◆ **ASSIGNMENT**
Starting at the line below with "Červnová výstava je" and stopping at the line with "Featuring a peach", please print each line exactly, those two included, and skip every picture.

◆ **AVAILABLE DATA**
+ + + + + + +
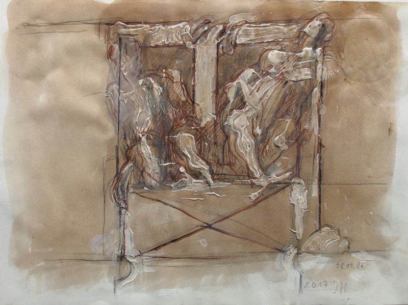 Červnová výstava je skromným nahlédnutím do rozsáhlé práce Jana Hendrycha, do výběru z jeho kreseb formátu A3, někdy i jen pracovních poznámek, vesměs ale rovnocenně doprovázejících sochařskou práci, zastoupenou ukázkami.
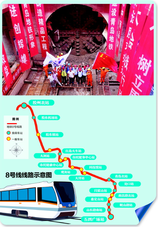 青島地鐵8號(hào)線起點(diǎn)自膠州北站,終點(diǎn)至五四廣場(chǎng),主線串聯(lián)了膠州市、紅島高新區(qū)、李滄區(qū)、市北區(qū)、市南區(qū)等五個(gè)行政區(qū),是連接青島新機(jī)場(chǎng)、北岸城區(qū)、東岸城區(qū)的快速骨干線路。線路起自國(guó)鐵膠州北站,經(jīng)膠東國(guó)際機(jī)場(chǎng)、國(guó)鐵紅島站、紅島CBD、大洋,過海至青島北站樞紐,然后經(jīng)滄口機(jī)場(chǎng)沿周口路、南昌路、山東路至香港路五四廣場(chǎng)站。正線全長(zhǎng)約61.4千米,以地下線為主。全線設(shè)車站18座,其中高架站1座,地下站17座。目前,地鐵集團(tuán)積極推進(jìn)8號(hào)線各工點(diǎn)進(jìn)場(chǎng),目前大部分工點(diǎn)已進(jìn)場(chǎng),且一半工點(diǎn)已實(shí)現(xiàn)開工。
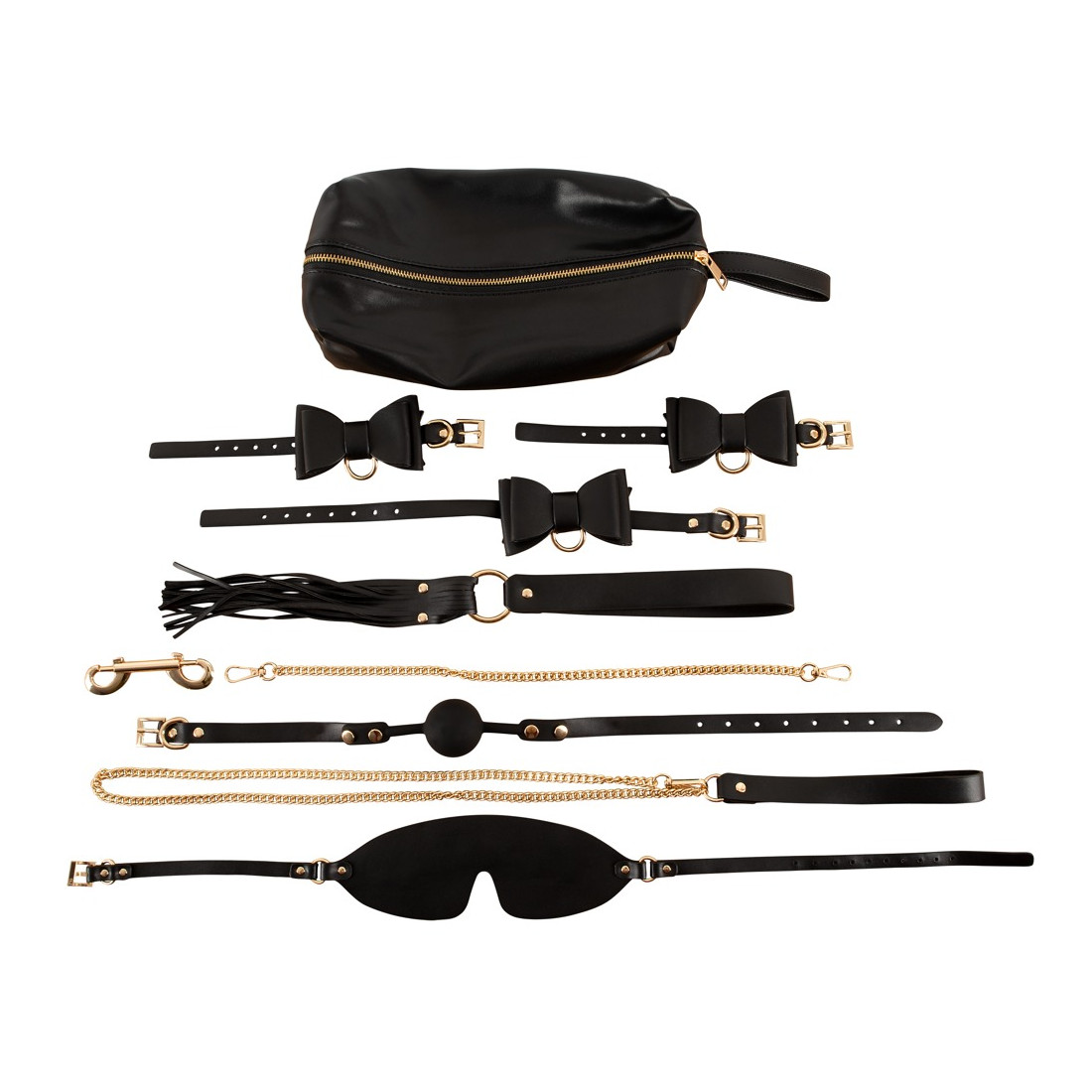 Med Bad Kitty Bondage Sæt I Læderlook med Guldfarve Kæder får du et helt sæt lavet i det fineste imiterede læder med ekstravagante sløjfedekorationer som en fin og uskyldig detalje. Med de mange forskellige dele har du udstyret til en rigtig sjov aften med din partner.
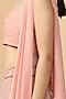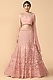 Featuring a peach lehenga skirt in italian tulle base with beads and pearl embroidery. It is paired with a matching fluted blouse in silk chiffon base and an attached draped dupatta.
+ + + + + + +
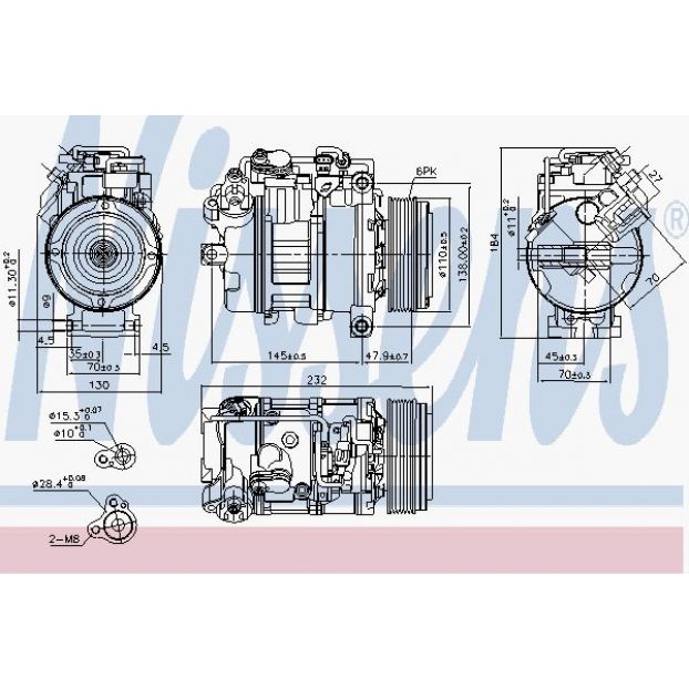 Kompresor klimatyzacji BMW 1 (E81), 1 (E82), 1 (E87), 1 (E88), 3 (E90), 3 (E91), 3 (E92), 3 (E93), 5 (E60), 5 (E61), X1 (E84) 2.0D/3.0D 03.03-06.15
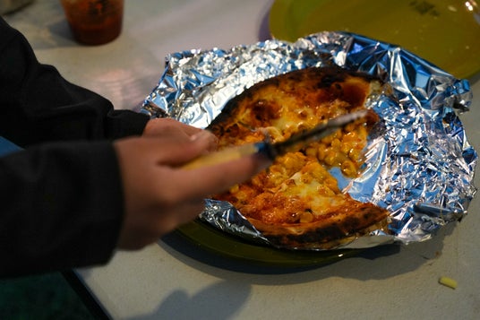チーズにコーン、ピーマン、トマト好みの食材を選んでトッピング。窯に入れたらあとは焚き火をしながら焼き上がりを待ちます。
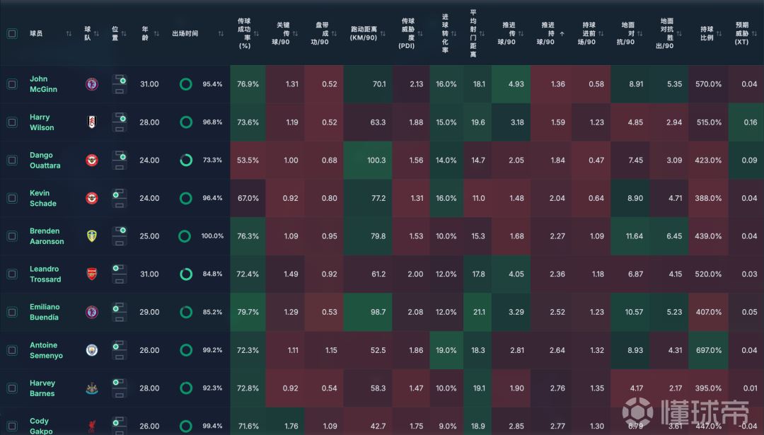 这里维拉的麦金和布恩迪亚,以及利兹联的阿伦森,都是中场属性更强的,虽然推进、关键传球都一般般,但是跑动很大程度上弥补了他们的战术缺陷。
+ + + + + + +
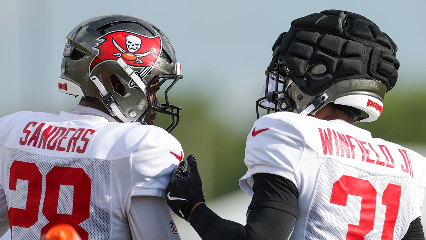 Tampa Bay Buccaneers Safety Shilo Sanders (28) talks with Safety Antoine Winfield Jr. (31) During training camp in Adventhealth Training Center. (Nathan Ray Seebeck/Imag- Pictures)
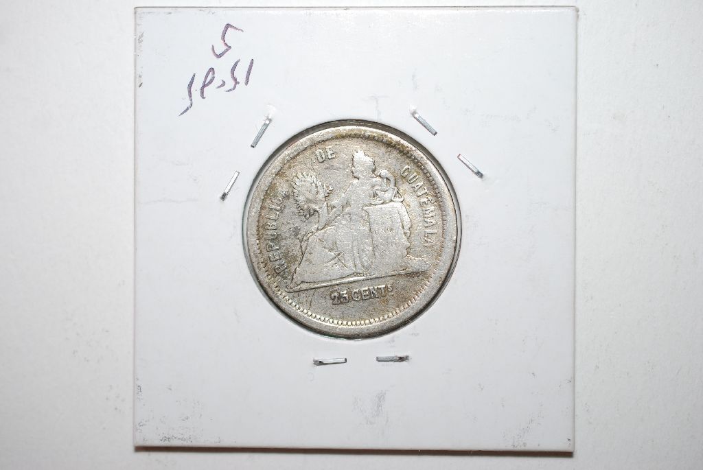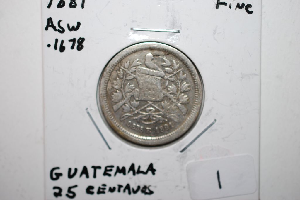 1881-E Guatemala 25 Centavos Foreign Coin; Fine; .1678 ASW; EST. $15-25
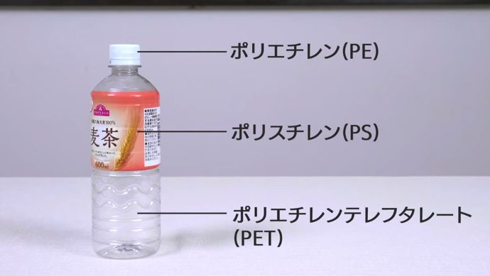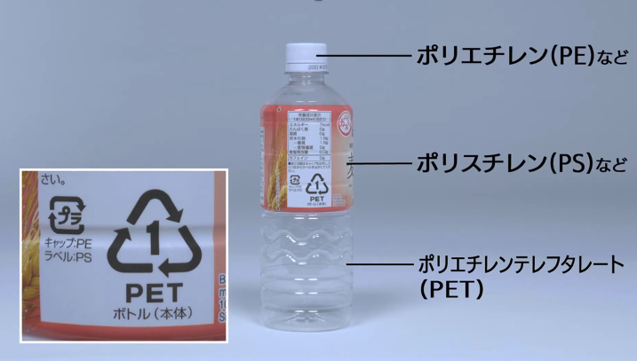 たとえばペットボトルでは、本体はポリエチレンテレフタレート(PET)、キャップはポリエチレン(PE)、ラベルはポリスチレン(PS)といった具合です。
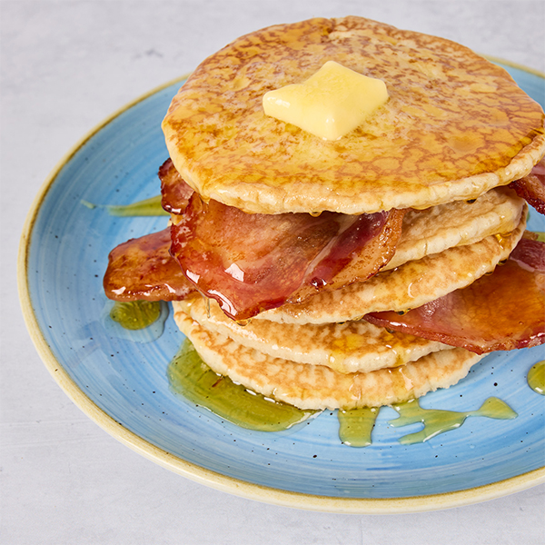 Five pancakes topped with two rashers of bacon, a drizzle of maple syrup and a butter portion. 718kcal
+ + + + + + +
◆ **OUTPUT OF THE EXERCISE**
 Červnová výstava je skromným nahlédnutím do rozsáhlé práce Jana Hendrycha, do výběru z jeho kreseb formátu A3, někdy i jen pracovních poznámek, vesměs ale rovnocenně doprovázejících sochařskou práci, zastoupenou ukázkami.
 青島地鐵8號(hào)線起點(diǎn)自膠州北站,終點(diǎn)至五四廣場(chǎng),主線串聯(lián)了膠州市、紅島高新區(qū)、李滄區(qū)、市北區(qū)、市南區(qū)等五個(gè)行政區(qū),是連接青島新機(jī)場(chǎng)、北岸城區(qū)、東岸城區(qū)的快速骨干線路。線路起自國(guó)鐵膠州北站,經(jīng)膠東國(guó)際機(jī)場(chǎng)、國(guó)鐵紅島站、紅島CBD、大洋,過海至青島北站樞紐,然后經(jīng)滄口機(jī)場(chǎng)沿周口路、南昌路、山東路至香港路五四廣場(chǎng)站。正線全長(zhǎng)約61.4千米,以地下線為主。全線設(shè)車站18座,其中高架站1座,地下站17座。目前,地鐵集團(tuán)積極推進(jìn)8號(hào)線各工點(diǎn)進(jìn)場(chǎng),目前大部分工點(diǎn)已進(jìn)場(chǎng),且一半工點(diǎn)已實(shí)現(xiàn)開工。
 Med Bad Kitty Bondage Sæt I Læderlook med Guldfarve Kæder får du et helt sæt lavet i det fineste imiterede læder med ekstravagante sløjfedekorationer som en fin og uskyldig detalje. Med de mange forskellige dele har du udstyret til en rigtig sjov aften med din partner.
 Featuring a peach lehenga skirt in italian tulle base with beads and pearl embroidery. It is paired with a matching fluted blouse in silk chiffon base and an attached draped dupatta.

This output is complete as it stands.